BLANTYRE, Dec 12, 2006 (AFP) - Southern African nations Tuesday mulled ways to rope high-risk groups into the fight against HIV/AIDS in the world's worst-affected region as they started a three-day meeting in Malawi.
The meeting will hammer out a "comprehensive strategy on how to accelerate prevention and we are addressing key drivers of the epidemic in terms of prevention," Stephen Sianga, an official from the Southern African Development Community (SADC), told AFP.
"Yes, the problem of sexual workers and gays is there ... why stigmatise this group as our strategy is multi-pronged and we want to cover all risk groups?" said Sianga, who is in charge of social and human development at the SADC secretariat.
Southern Africa is the epicentre of the pandemic accounting for a third of the global HIV infections.
It is also grappling with the heaviest death toll from AIDS. A total of 1.2 million out of the worldwide toll of 2.8 million people died from AIDS-related illnesses last year in southern Africa.
Roy Hauya, director of policy and programmes at Malawi's National AIDS Commission, told AFP the meeting would also try to come up with a strategy on male circumcision.
"We want to determine what role circumcision can play to accelerate prevention... as a region we are not experienced in programming male circumcision," as a tool to control the spread of HIV, he said.
"There is evidence that in regions where the majority of men are circumcised, HIV infection is lower than in regions where circumcision is not practiced."
Five southern African countries hard-hit by the AIDS pandemic -- Botswana, Lesotho, Swaziland, Tanzania and Zambia -- are in talks with the UN AIDS agency on making circumcision more accessible to men.

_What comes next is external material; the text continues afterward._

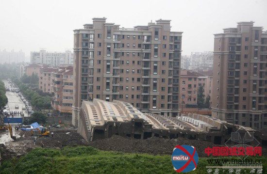 上海倒塌楼盘质量遭质疑 业主现场喊退房

The new strategy follows the results of a three-year study in a South African township -- Orange Farm near Johannesburg -- that showed that circumcision reduced the risk of contracting HIV by 60 percent.
Less than 20 percent of men are said to be circumcised in southern Africa where HIV prevalence is the highest.
Malawi's Health Minister Marjorie Ngaunje set the tone for the meeting by saying: "To make advances in prevention, we must begin to tackle honestly the difficult questions that the epidemic raises ... addressing positively the needs of sex workers and of men who have sex with men."
She said the fight against HIV/AIDS "will take a better turn if we stop doing business as usual ... we must address the real drivers of the epidemic and target groups that are most vulnerable."
Omotayo Olaniyan, African Union regional delegate to the SADC, told the meeting that poor provision of services for sex workers and drug users had allowed HIV to take root in society's most vulnerable populations.
Olaniyan said young people and women were also vulnerable to infection due to poverty and their lack of control over their sex lives in male-dominated societies.
"These are the heart of the acceleration of the spread of HIV," Olaniyan said.
He said southern Africa was the "epicentre" of the pandemic, since one third -- or 32 percent -- of all people with HIV worldwide lived in the region and 34 percent of all deaths arising from AIDS in 2006 occurred in southern Africa.
"You will agree with me that these are not acceptable developments...it is a well known fact that we are not yet winning the war against HIV and AIDS."
SADC groups Angola, Botswana, the Democratic Republic of Congo, Lesotho, Madagascar, Malawi, Mauritius, Mozambique, Namibia, South Africa, Swaziland, Tanzania, Zambia and Zimbabwe.